Structural brain networks in remitted psychotic depression

Abstract

Major depressive disorder with psychotic features (psychotic depression) is a severe disorder. Compared with other psychotic disorders such as schizophrenia, relatively few studies on the neurobiology of psychotic depression have been pursued. Neuroimaging studies investigating psychotic depression have provided evidence for distributed structural brain abnormalities implicating the insular cortex and limbic system. We examined structural brain networks in participants (N = 245) using magnetic resonance imaging. This sample included healthy controls (n = 159) and the largest cross-sectional sample of patients with remitted psychotic depression (n = 86) collected to date. All patients participated in the Study of Pharmacotherapy of Psychotic Depression II randomized controlled trial. We used a novel, whole-brain, data-driven parcellation technique-non-negative matrix factorization-and applied it to cortical thickness data to derive structural covariance networks. We compared patients with remitted psychotic depression to healthy controls and found that patients had significantly thinner cortex in five structural covariance networks (insular-limbic, occipito-temporal, temporal, parahippocampal-limbic, and inferior fronto-temporal), confirming our hypothesis that affected brain networks would incorporate cortico-limbic regions. We also found that cross-sectional depression and severity scores at the time of scanning were associated with the insular-limbic network. Furthermore, the insular-limbic network predicted future severity scores that were collected at the time of recurrence of psychotic depression or sustained remission. Overall, decreased cortical thickness was found in five structural brain networks in patients with remitted psychotic depression and brain-behavior relationships were observed, particularly between the insular-limbic network and illness severity.
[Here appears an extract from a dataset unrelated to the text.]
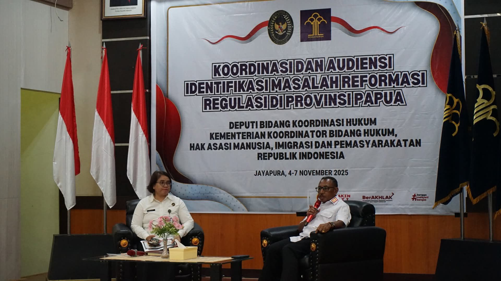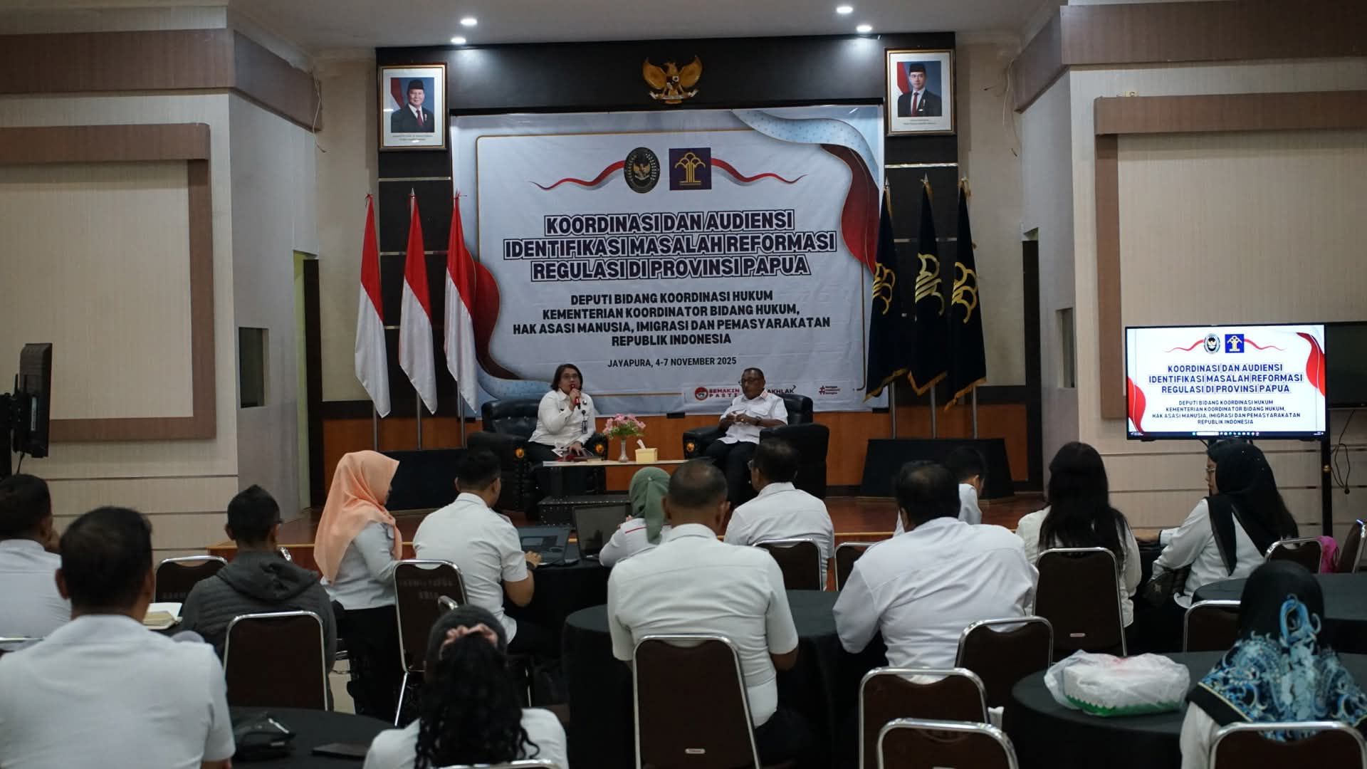 Kementerian Koordinator Bidang Hukum, HAM, Imigrasi, dan Pemasyarakatan (Kemenko Kumham Imipas) RI bersama Kantor Wilayah Kementerian Hukum (Kemenkum) Papua menggelar Koordinasi dan Audiensi Identifikasi Masalah Reformasi Regulasi di Provinsi Papua.

Fig. 1. Non-negative matrix factorization (NMF).

In this figure, X represents the original data matrix as the product of two matrices, B and C. X contains the cortical thickness (CT) data (visualized above the X matrix) for each vertex (rows) and for all participants (columns). B is a matrix that contains, in each column, the loading for each vertex on one of the K networks derived by NMF (an example is visualized above the B matrix). C is a matrix that contains, in each row, the participant-specific coefficients (CT Scores) for each network derived from NMF. The histogram above the C matrix illustrates a sample row of the C matrix with scores for all participants in one network. Both B and C are greater than or equal to 0, thus elements of the factorization are non-negative. Matrices are shown with the following dimensions: V = number of vertices, N = number of participants; K = number of networks.

Fig. 2. Structural covariance networks derived using non-negative matrix factorization (NMF).

Structural covariance networks are shown for the 14-network NMF solution. The spatial distribution of each network is indicated by loadings at each vertex in arbitrary units. Structural covariance networks include: (1) fronto-parietal; (2) insular-limbic; (3) occipital; (4) fronto-polar; (5) dorso-lateral prefrontal; (6) occipito-temporal; (7) pre-central; (8) temporal; (9) post-central; (10) temporo-polar; (11) parahippocampal-limbic; (12) cingular-post-central; (13) inferior fronto-temporal; and (14) inferior frontal networks.

Fig. 3. Patients demonstrated thinner cortex in five structural covariance networks.

When compared with healthy control participants, patients with remitted psychotic depression demonstrated significant (p < 0.05, False Discovery Rate corrected) reductions in cortical thickness (CT) in five structural networks, including: insular-limbic (Network 2); occipito-temporal (Network 6); temporal (Network 8); parahippocampal-limbic (Network 11); and inferior fronto-temporal (Network 13) networks. Composite network boundaries were obtained by assigning each vertex to the network with the highest loading for that vertex (from the B matrix) across all 14 networks.